Foto: AP / Dmirtry Astakhov

Lauter Warnschuss für die russische Elite: In einem Großeinsatz hat das russische Ermittlungskomitee am Wochenende eine "kriminelle Vereinigung" um das Oberhaupt der nordrussischen Teilrepublik Komi, Wjatscheslaw Gaiser, hochgenommen. Seit Samstag sitzt der Gouverneur in Untersuchungshaft. Die Fahnder nahmen Gaiser am Flughafen kurz vor dem Antritt einer Auslandsreise fest. Andere Verdächtige, insgesamt 19 Personen, wurden in Sotschi, St. Petersburg und Komis Hauptstadt Syktywkar arretiert.

Gaiser wird betrügerische Aneignung von Staatseigentum vorgeworfen. Er soll zukunftsreiche Unternehmen seiner Region über Haushaltsmittel subventioniert und dann an ihm nahestehende Firmen verkauft haben.

25 Jahre Haft drohen

Bei den mehr als 80 Hausdurchsuchungen konfiszierten die Ermittler eigenen Angaben nach Dokumente über Offshorefirmen mit Aktiva über eine Milliarde Rubel (1,34 Millionen Euro). Daneben beschlagnahmten sie 60 Kilogramm an Juwelen und Dutzende Uhren, von denen die teuerste angeblich eine Million Dollar wert ist. Ebenfalls pikant: Angeblich verhandelte der Gouverneur über den Kauf von zwei Privatflugzeugen. Ihm drohen 25 Jahre Haft.

Gaiser streitet alle Vorwürfe ab. Freilich ist er nicht der erste russische Gouverneur, der in die Mangel der Justiz gerät: Vor knapp einem halben Jahr gab es bereits einen Präzedenzfall, als die Polizei ebenso öffentlichkeitswirksam den Gouverneur von Sachalin, Alexander Choroschawin, nach millionenschweren Korruptionsvorwürfen festnahm.

Kampagne gegen Korruption

Kremlsprecher Dmitri Peskow betonte, Präsident Wladimir Putin sei von den Verhaftungen im Vorfeld unterrichtet gewesen. Experten sprechen bereits von einer neuen Antikorruptionskampagne zur Imageverbesserung: Begrüßt die Mehrzahl der Russen derzeit die Außenpolitik, so "versucht der Kreml mithilfe des Falls Gaiser Punkte in der Innenpolitik zu sammeln", sagt der Politologe Abbas Galljamow.
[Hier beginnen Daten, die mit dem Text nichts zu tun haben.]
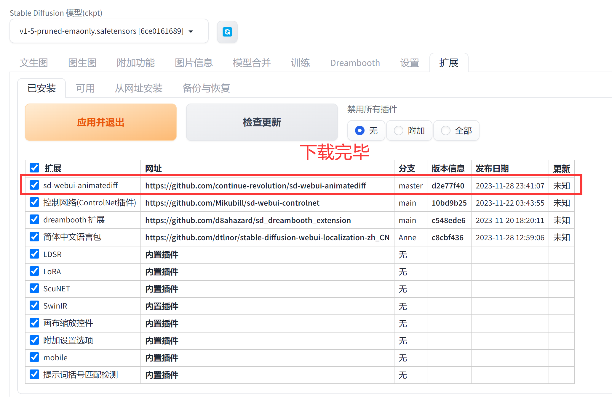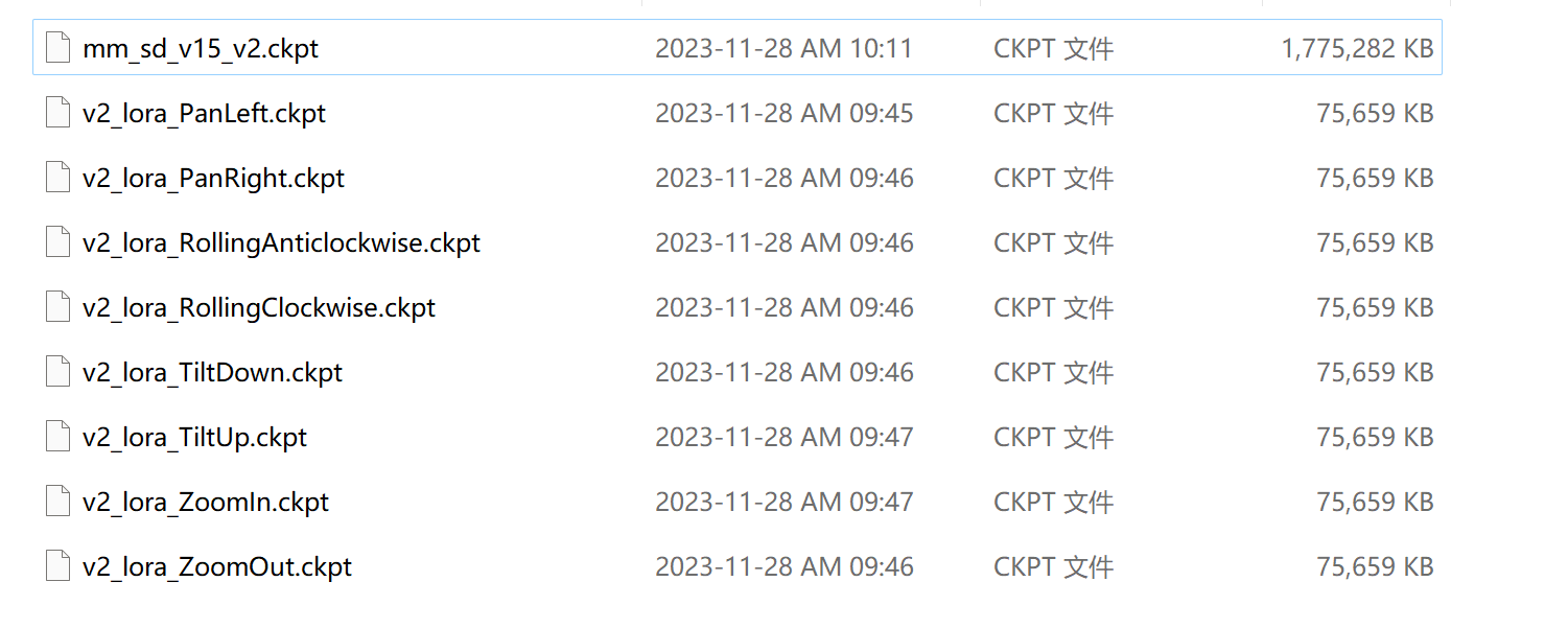 这里我们还需要一个模型【mm_sd_v15_v2.ckpt】,这个比较大。

Allerdings ist die Korruptionsbekämpfung ein zweischneidiges Schwert für die politische Führung: Die Affäre um Exverteidigungsminister Anatoli Serdjukow, gegen den trotz milliardenschwerer Veruntreuung in seiner Behörde bis heute kein Verfahren läuft, haben die meisten Russen noch im Kopf. Die Verfahren gegen Gaiser und Choroschawin werfen zudem angesichts der teils zehn Jahre zurückliegenden Vorwürfe Fragen über die lange Untätigkeit der Justiz und das Motiv der jetzigen Verfolgung auf.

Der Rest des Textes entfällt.